Wednesday, August 29, 2007

Death of the Two Party System

While the party system isn't dead, it is on life support.

A political party derives it power essentially in two ways: controlling both the nominating process and the money. The latter has been consistently weakened over the years. While rule changes have definitely hastened party control of the money, it is advancement of society which has cemented it. Candidates can now appeal directly to the people for money and the average American has more cash to give.

Party control of the nominating process has also been weakened in recent history, but it is now approaching code red. The Democratic party has already taken away Florida's delegate votes and now the Republican party is threatening to do the same to Florida, New Hampshire, Wyoming Michigan, and South Carolina (here). Essentially the system is in chaos.

The party may stave off this attempt but in the long run they will lose. If every state moves their primary forward will they take away all delegates? No. They can only hold the line temporarily. Also the party cannot control the Ned Lamonts and Steve Laffeys (Rhode Island) of the world from mounting primary challenges. Voter turn out in primaries have shrunk along with party enrollment making the primary electorates sufficiently extreme and polarized group to open the Lamont window.

How will this play out in the long run? Third parties will proliferate. The long run may be 50+ years, but in the end the two party system will crumble. A lot must happen to get there including loosening ballot access restrictions, redrawing ultra-gerrymandered districts, and a reversal of Buckley v Veleo (this limited individual contributions to candidates), but it is only a matter of time.

Tuesday, January 30, 2007

LA Times and I

I nearly agreed with an editorial from the Los Angeles Times (how scary is that?). My excitement over the by-line turned into pitched fever as I kept reading. They actually think that it a bad thing to restrict free speech. Despite their usual disdain for the restrictions of the constitution they had held their ground. My excitement turned into confusion when they began to infuse their brand of logic.

They think that there should be a “bright line” between advocacy of an internal message and others messages. In other words, the government can’t control what I think and want to say but it can control what others ask me to say.

The reason that this doesn’t make sense is grounded in their dream of making politics a clean process (think of children playing in a field with plenty of lollypops and cute puppy dogs frolicking). This is the problem with liberal ideology. It is a belief in the system, not the individual.

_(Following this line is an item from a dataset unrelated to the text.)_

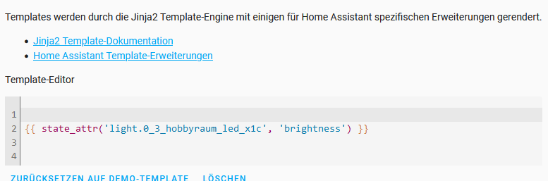 Geh mal unter Entwicklerwerkzeuge - Vorlage (Template) und kopiere dir folgendes rein {{ state_attr('light.0_3_hobbyraum_led_x1c', 'brightness') }}
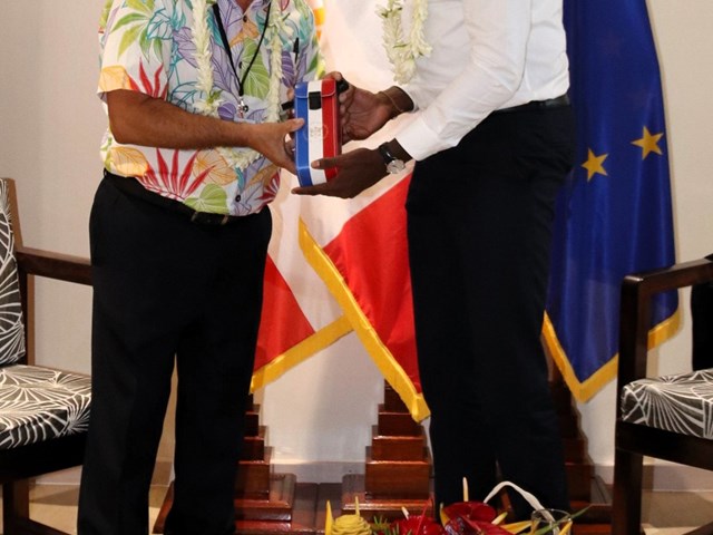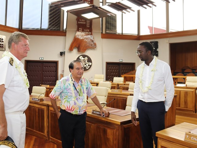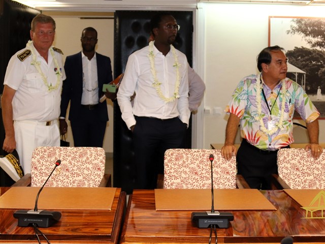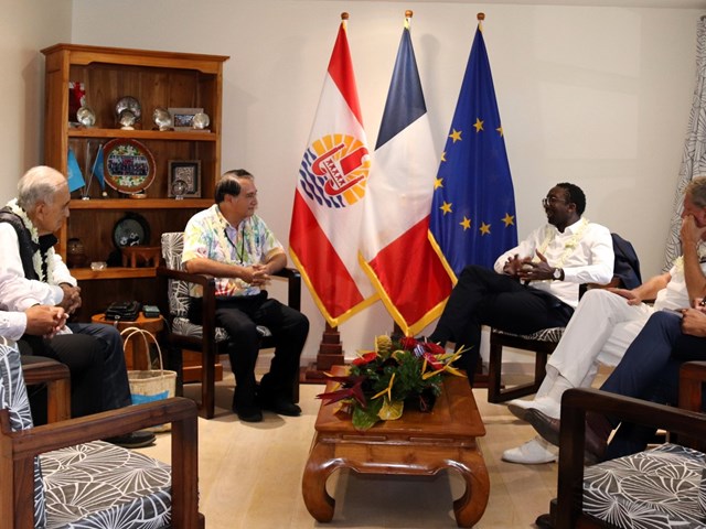 M. Antony GEROS, président de l’assemblée de la Polynésie française, accompagné de M. Oscar TEMARU, président du groupe Tavini huiraatira à l’assemblée, a reçu ce lundi 13 novembre 2023 dans le cadre d’une visite protocolaire, M. Hervé BERVILLE, secrétaire d'État auprès de la Première Ministre, chargé de la mer, ainsi que M. Eric SPITZ, haut-commissaire de la République en Polynésie française.

Why can’t I air an advertisement that says candidate X is a bad legislator and shouldn’t be reelected? The reasoning goes that I may be influenced by a dubious character to push a message or be a dubious character myself. Why is the wholesomeness of the source important? One must assume that I am influencing people in the “wrong” direction therefore causing an undesirable situation. Why can’t I influence people in the “wrong” direction? Maybe the real question is who decides what is right and wrong? I say people, not some beauraucrat, should decide.

People are free to either disagree or simply not consume my message. The editorial board at the LA Times and their elitist counterparts believe that people are not properly able to digest complex information from varied sources and come to a coherent opinion or decent voting pattern. What else would explain how George W. Bush was reelected in 2004? The only way that people could have come to such an idiotic conclusion was because they were inundated with faulty information from the evil genius and his minions.

Believing that people are too stupid to govern is totalitarian in nature and antithetical to the original concept of government of the people. If there is utility in banning certain ads then why not ban other advertisements? Shouldn’t we ask ourselves what is an advertisement? Aren’t newspaper endorsement, blog postings, and public endorsements forms of advertisements?

The “bright line” that the LA Times should be worried about is between attacking the source of speech and speech itself. There is no way to separate the two without undermining the latter. Perfecting the system clearly entails threatening the freedom of the individual which is not in the best interest of society.